Collection entries:
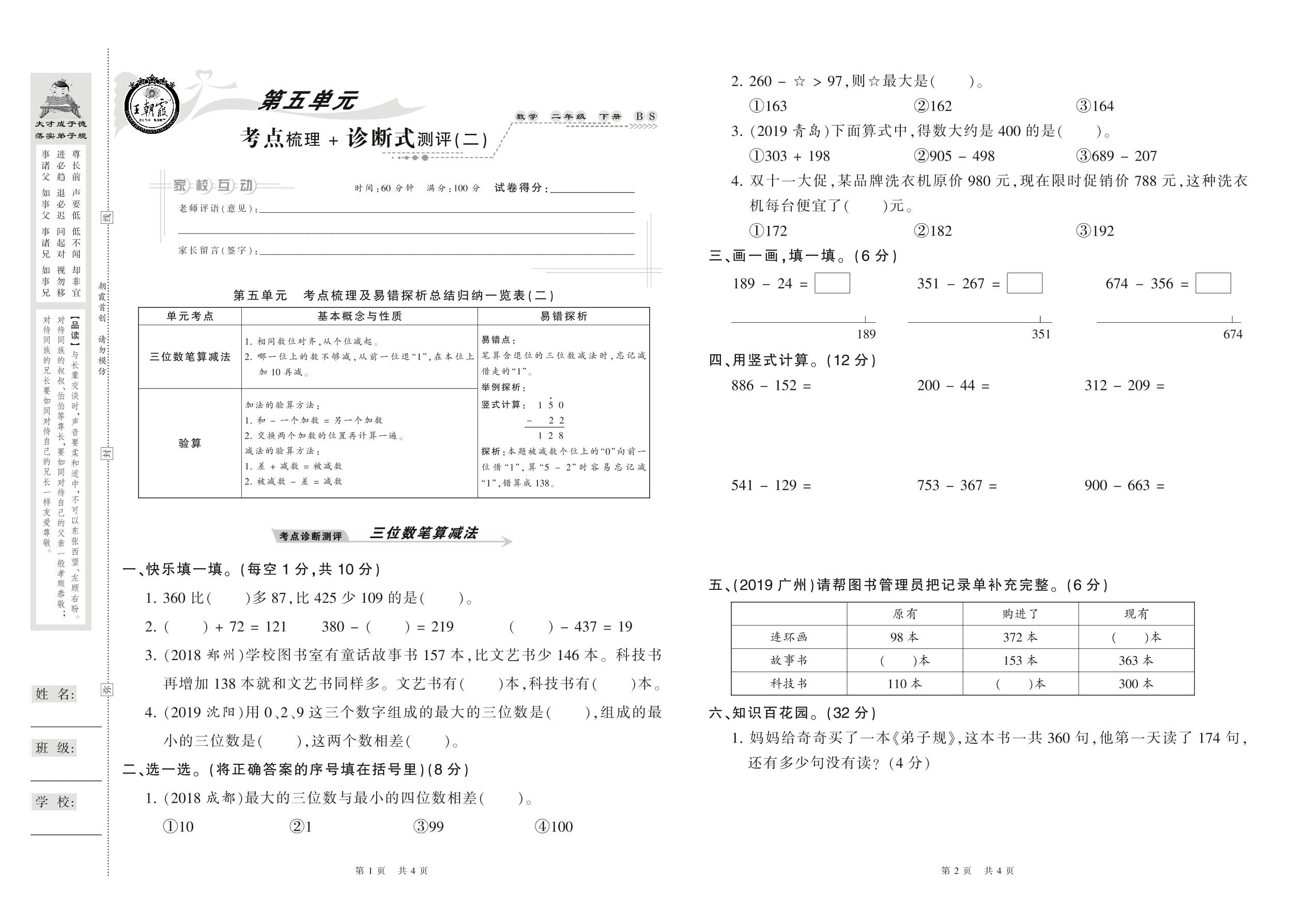 2021下册二年级数学北师版 第五单元 考点梳理+诊断式测评(二)
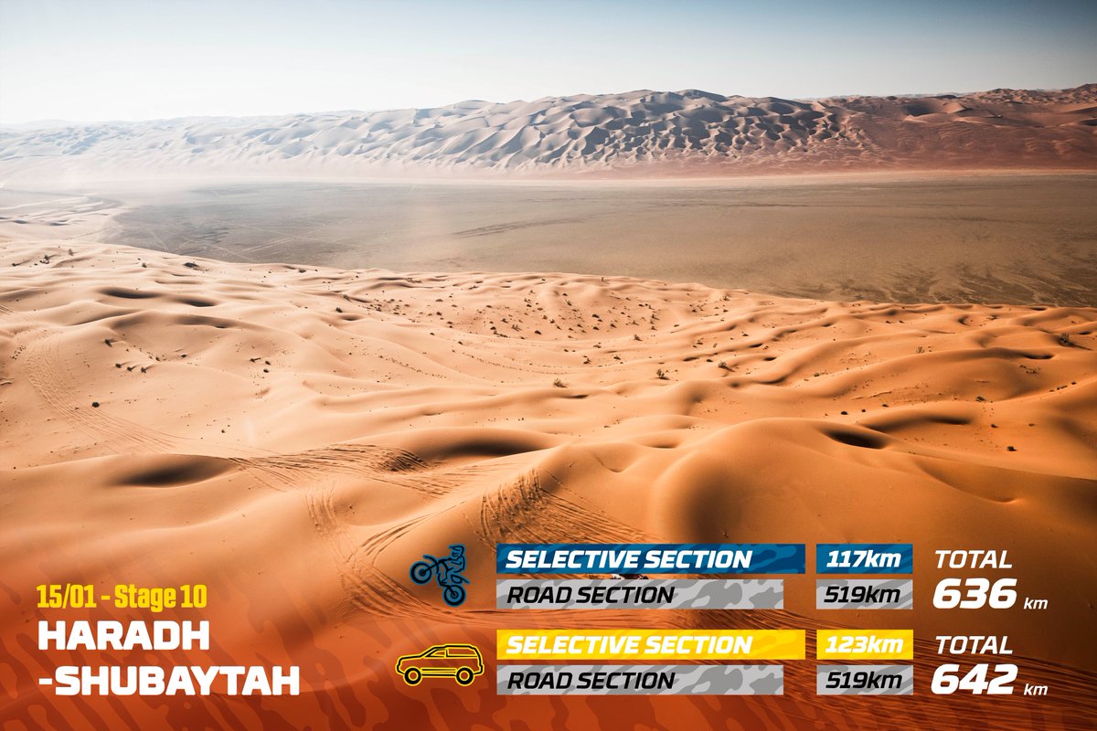 Se aleja pues la perspectiva de rodar de noche en las dunas, aunque los últimos días de carrera en el Empty Quarter servirán a todos en bandeja un océano de arena, sobre todo en la 11ª y anteúltima etapa, de manera que no debemos descartar las sorpresas y vuelcos en la tabla en el gran bucle de Shubaytah.
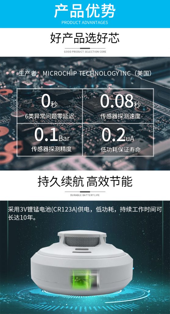 采用3V鋰錳電池(CR123A)供電,低功耗,持續工作時間可長達10年。
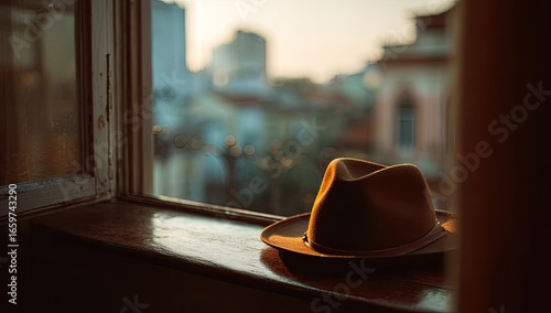 © Ilwa, Obraz premium Vintage Fedora on Windowsill, Cityscape View
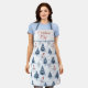 Un joli tablier de Noël de Snowman et d'arbres enneigés avec des snowmen portant des chapeaux de Père Noël rouges et des sapins recouverts de neige avec un arrière - plan blanc enneigé. Un joli design festif pour la saison des fêtes.
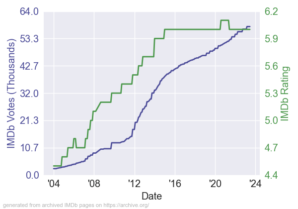 Welcome to Earf (HoE Number 22) – The shortest path through The Movie Database cast lists using only BMT films is: Russell Crowe is No. 6 billed in Kraven the Hunter and No. 2 billed in Virtuosity, which also stars William Forsythe (No. 5 billed) who is in 88 Minutes (No. 5 billed) which also stars Leelee Sobieski (No. 3 billed) who is in Here on Earth (No. 1 billed) => (6 + 2) + (5 + 5) + (3 + 1) = 22. If we were to watch The Eye we can get the HoE Number down to 15.
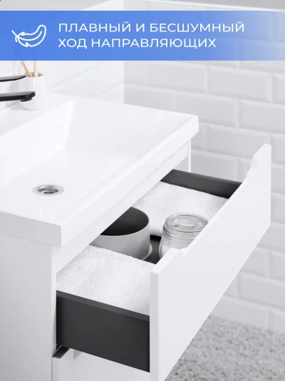 Напольная тумба под раковину в ванную из коллекции Alara - это сочетание современной стилистики и богатого функционала. Тумба для ванны изготовлена из прочного МДФ, поэтому выдерживает высокие эксплуатационные нагрузки. Корпус и фасады тумбы для ванной покрыты пленкой ПВХ, что обеспечивает дополнительную защиту тумбы под раковину от влаги и перепадов температуры. Качественная фурнитура с доводчиками обеспечивает легкое открывание и плавное закрывание ящиков. Вырез под сифон универсальный, для любого типа. Тумба в ванную оснащена двумя удобными ящиками для хранения, что позволяет разместить всё необходимое под рукой. Для точного выбора тумбы в ванную комнату рекомендуем обратиться к схеме замеров, которая находится на фото в карточке товара, размеры изделия могут отличаться +/-1 см в связи со спецификой производства. Напольная тумба для ванной доставляется в предварительно собранном виде, надежно упакована.
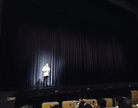 总体比较新,舞台不小,但也算不上大。管理挺严格的,背包里一小包巧克力棒也要寄存
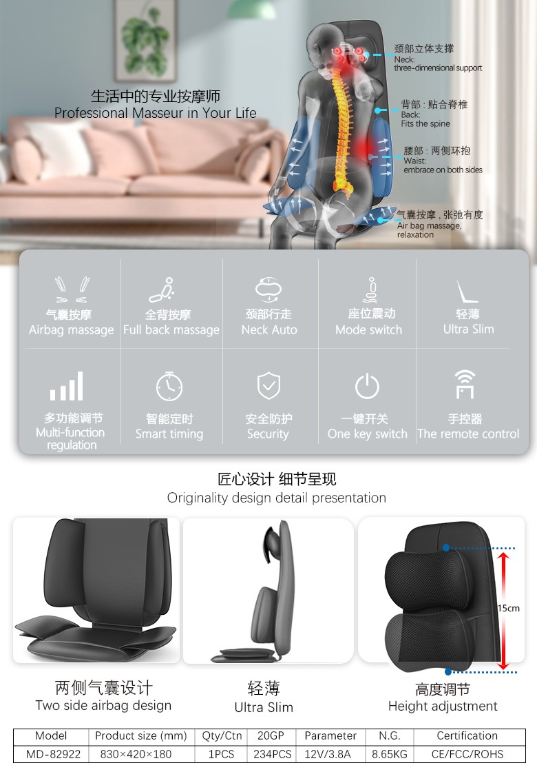 1.曲線行走機芯,符合人體工學,頸部加熱,背部加熱
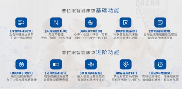 普拉眠深刻地意识到这点,在床垫软硬度调节、头尾遥控升降、睡眠实时检测、智能睡眠管理等基础功能之上,进阶出了腰颈牵引理疗、分段软硬调节、语音随叫服务、缓解轻度打鼾、自动叫醒服务的五大功能,让智能床垫得到不一样的蜕变。

**Description of the task**
The copy should start at the line that contains "Welcome to Earf", end at the last line of the entries above, and match each line exactly, with pictures dropped.

**Expected answer**
 Welcome to Earf (HoE Number 22) – The shortest path through The Movie Database cast lists using only BMT films is: Russell Crowe is No. 6 billed in Kraven the Hunter and No. 2 billed in Virtuosity, which also stars William Forsythe (No. 5 billed) who is in 88 Minutes (No. 5 billed) which also stars Leelee Sobieski (No. 3 billed) who is in Here on Earth (No. 1 billed) => (6 + 2) + (5 + 5) + (3 + 1) = 22. If we were to watch The Eye we can get the HoE Number down to 15.
 Напольная тумба под раковину в ванную из коллекции Alara - это сочетание современной стилистики и богатого функционала. Тумба для ванны изготовлена из прочного МДФ, поэтому выдерживает высокие эксплуатационные нагрузки. Корпус и фасады тумбы для ванной покрыты пленкой ПВХ, что обеспечивает дополнительную защиту тумбы под раковину от влаги и перепадов температуры. Качественная фурнитура с доводчиками обеспечивает легкое открывание и плавное закрывание ящиков. Вырез под сифон универсальный, для любого типа. Тумба в ванную оснащена двумя удобными ящиками для хранения, что позволяет разместить всё необходимое под рукой. Для точного выбора тумбы в ванную комнату рекомендуем обратиться к схеме замеров, которая находится на фото в карточке товара, размеры изделия могут отличаться +/-1 см в связи со спецификой производства. Напольная тумба для ванной доставляется в предварительно собранном виде, надежно упакована.
 总体比较新,舞台不小,但也算不上大。管理挺严格的,背包里一小包巧克力棒也要寄存
 1.曲線行走機芯,符合人體工學,頸部加熱,背部加熱
 普拉眠深刻地意识到这点,在床垫软硬度调节、头尾遥控升降、睡眠实时检测、智能睡眠管理等基础功能之上,进阶出了腰颈牵引理疗、分段软硬调节、语音随叫服务、缓解轻度打鼾、自动叫醒服务的五大功能,让智能床垫得到不一样的蜕变。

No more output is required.